ToJa postów Altrusty się nie bierze na poważnie...

heh, blad, bo staram sie pisac z sensem i tak, by ktos mogl cos z moich postow wyniesc.

elfkaNenar napisał/a:
on chyba chciał powiedzieć jak zawsze, ze nie jest szablonikowy

[...]ze jest nieszablonowy(czy tez postacia nieszablonowa). I musze cie zasmucic, chcialem zaznaczyc ze jestem jak najbardziej zwyczajny

elfkaNenar napisał/a:
lub ukrytym sensem jest to, ze połowa z nas [wg. niego] nie jest tolerancyjna chociaż na taką się robi na forum

szczerze? Osoby prawdziwie tolerancyjne ktore poznalem mozna policzyc na palcach jednej reki. Malo kto nie uzywal chociazby obelgi 'ty pedale'[czy tez 'ty zydzie' itp], a to oznaka tolerancji raczej nie jest. Co, ze to niby blahostka? Wcale nie. Szczegolnie ze te 'blahostki' to tylko wierzcholek gory lodowej.

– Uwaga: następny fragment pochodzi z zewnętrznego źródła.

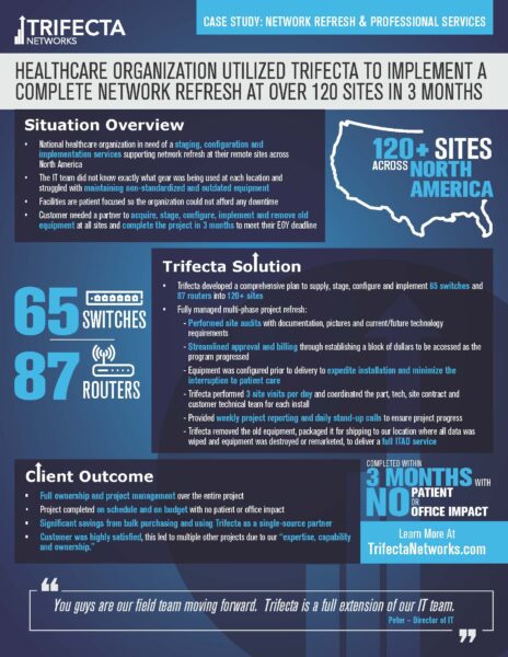 Healthcare Organization Utilized Trifecta to Implement a Complete Network Refresh at Over 120 Sites in 3 Months
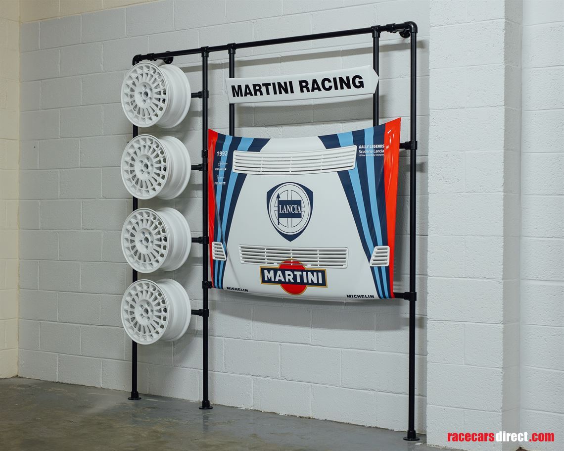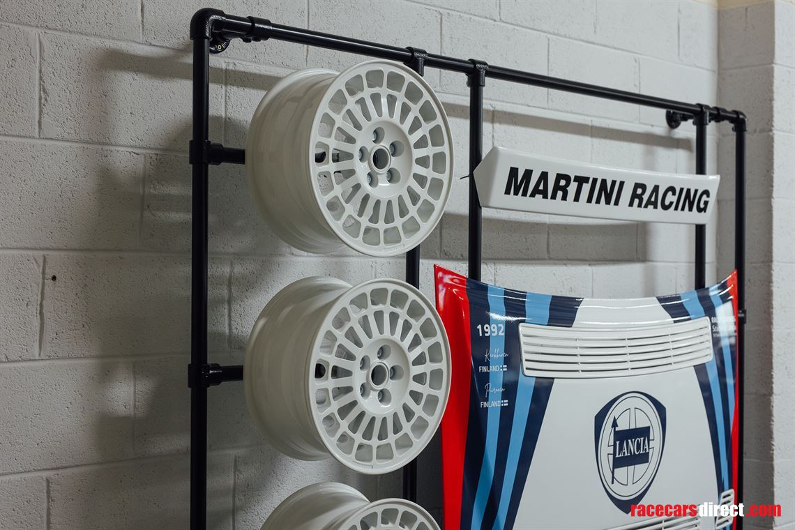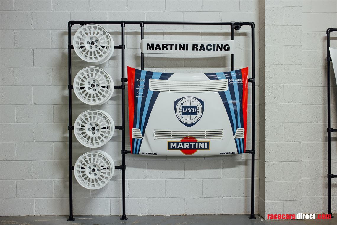 A must for any Scuderia Lancia fan, Evo II owner or trade partner, this striking wall art installation celebrates the dominant force that was Lancia Martini in the 1980s and 1990s. The composite engine lid, legendary high-level boot spoiler and clean Speedline alloys all in period Martini Livery make for an eye catching, one off conversation piece.

Nie moja wina ze obraz typowego polaka to cham, ktory "jest calkiem tolerancyjny, ale nei lubi ruskow, bo pijaki, niemcow, bo to niemcy, czechow, bo to nie nasi, zydow, bo to jacys poganie, i pedalow, bo to obmierzle jakies'
ToJa - Wto 16 Lis, 2004 22:55
Temat postu:
DeadCorpses a według mnie jeśli na cygańską dziewczynkę powiem Ta dziewczynka a nie Ta Cyganka i będę ją traktować jak każde inne dziecko to jest tolerancja. Nie interesuje mnie, że ktoś kto obok mnie mieszka jest innej narodowci. Dla mnie to sąsiad jak każdy inny.
Altruista, głupoty, fanatyzmu religijnego i wielu innych spraw nie powinno się akceptować. I to nie była nadinterpretacja. NApisałeś dość lakonicznie - jestem nietolerancyjny.
Ja akceptuję homoseksualisów i inne religie. Ale nigdy nie będę tolerancyjna wobec pedofili (powinno się ich leczyć, albo kastrować), ale żal mi tych ludzi. I nie zaakceptuję sekt. Tolerancja nie może być bezkrytyczna. Jeśli ktoś w imię religii morduje ludzi, to trzeba upaść na głowę żeby to zaakceptować.
Czemu nie można być całkiem nietolerancyjnym? Tyle inności jest wokół nas, że nie da się żyć bez odrobiny tolelarncji wobec innych.
kicp - Wto 16 Lis, 2004 23:43
Temat postu:
Cytat:
Jeśli ktoś w imię religii morduje ludzi, to trzeba upaść na głowę żeby to zaakceptować.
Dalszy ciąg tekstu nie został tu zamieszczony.